Already, there are ominous signs that the current one will not be the last outbreak of a coronavirus epidemic/pandemic. First, there exist spontaneous mutations that steadily improve the virus’ capacity to infect and propagate among its human hosts, in a word, to evolve. Secondly, vaccines alone cannot guarantee safety against the outbreak of new variants in the future and may convey a false sense of protection in the population. This means that constant monitoring and alertness to this threat should go hand-in-hand with the enforcement of new measures to increase preparedness for timely interventions, in order to avert another pandemic. Furthermore, a slow vaccination campaign over time could also cause selective pressure for the SARS-CoV-2 mutation and allow its spread in the world population that has not achieved herd immunity, as well as difficulties in vaccinating populations in emerging and poor countries could make the immunization of the human species only hypothetical.
There are some critical issues that evidently need improvement, notwithstanding the development of new vaccines and anti-viral drugs: (1) continuous monitoring to allow the timely identification of new coronavirus variants; (2) international cooperation to spread this information globally; (3) timely adoption of local lockdown measures; (4) public awareness to the ongoing battle and preparedness to comply with government dispositions.
A deeper problem probably lies at the heart of the matter: why did those who should have been on the alert, i.e., the CDCs, particularly from those countries that suffered most (Fig. 1), NOT learn from the past, despite warnings from the scientific community?

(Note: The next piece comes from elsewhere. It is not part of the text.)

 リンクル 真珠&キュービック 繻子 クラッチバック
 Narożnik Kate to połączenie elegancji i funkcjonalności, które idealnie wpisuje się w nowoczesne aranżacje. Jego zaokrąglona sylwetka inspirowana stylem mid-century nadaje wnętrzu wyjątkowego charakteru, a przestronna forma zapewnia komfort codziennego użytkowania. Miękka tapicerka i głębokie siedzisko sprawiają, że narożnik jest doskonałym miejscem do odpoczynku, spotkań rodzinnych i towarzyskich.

Why did the information made available by scientists worldwide NOT result in the acquisition of new measures by all those CDCs which should have been at the forefront of prevention? Monitoring of SARS-CoV-2 in wastewater is emerging as an effective means to measure the spread of the virus and its possible variants [
61,
62]. Nothing new, as it has previously been used to monitor other viruses spreading in the community [
63]: why was it not implemented after the SARS-outbreak?

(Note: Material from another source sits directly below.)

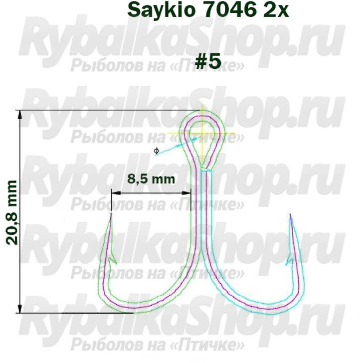 Крючки тройные Saikyo 7046 BN 2X № 5 (5шт)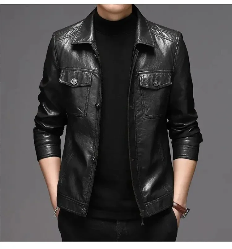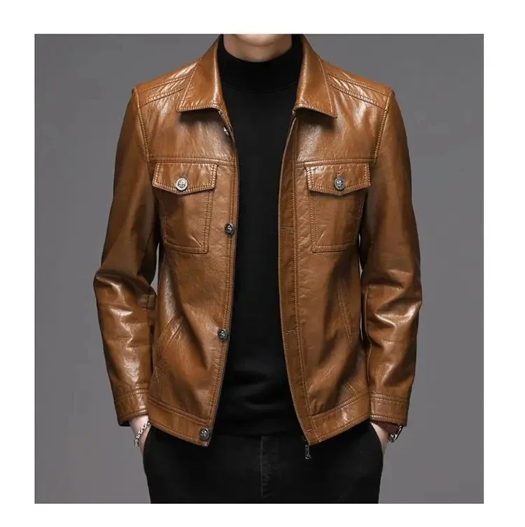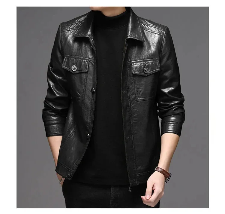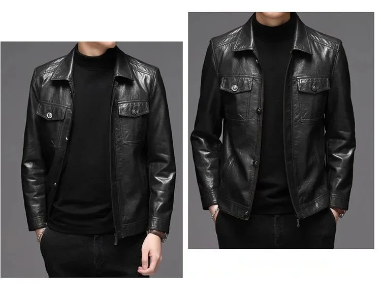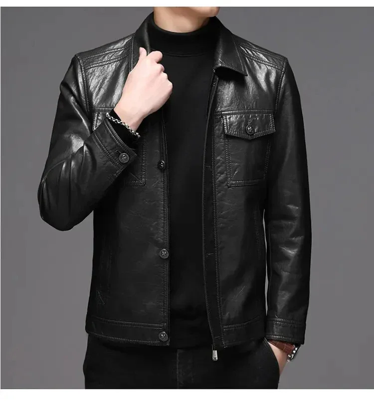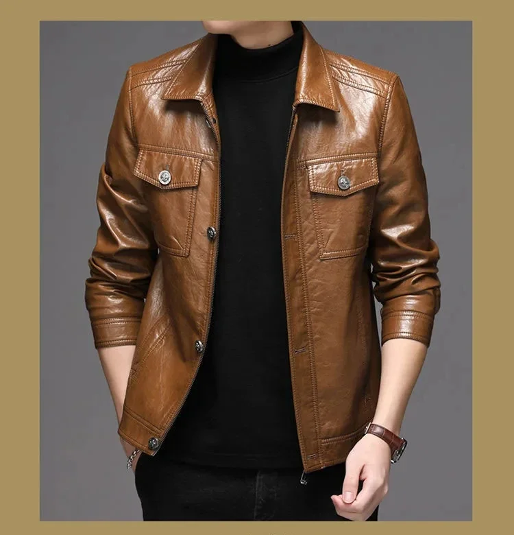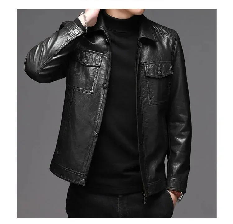 Men’s Genuine Sheepskin Leather Jacket – Slim Fit Korean Lapel Short Soft Leather Coat for Spring, Autumn & Winter

The answers to these questions are not related to science. It would be advisable in the future to learn from past mistakes, to overcome a politically-motivated reluctance to acknowledge that globalization poses risks to public health and to close the apparent gap between the global scientific community’s understanding of the threat and the belated and ineffectual implementation of the necessary countermeasures by national and international CDCs, who inform governments’ decisions. At the border where science merges with politics, some information is apparently “lost in translation.”
Science-led, not policy-driven decision-making on public health issues is essential. It is time to examine the process by which Western National and International Centers for Disease Control enroll and train their staff and how they use the information coming from the “field” to implement national and international response plans. The stakes are too high not to demand excellence from the official organisms that shape the decisions that will affect our lives in the near future.
The negligence and tardiness of the Western CDCs in applying effective preventive measures to a pandemic foretold must be confronted and overcome, in order not to repeat the same mistakes in the future. Putting the blame on foreign countries for what should be in the first place the responsibility of each national public health protection body does not go in the right direction to address this issue.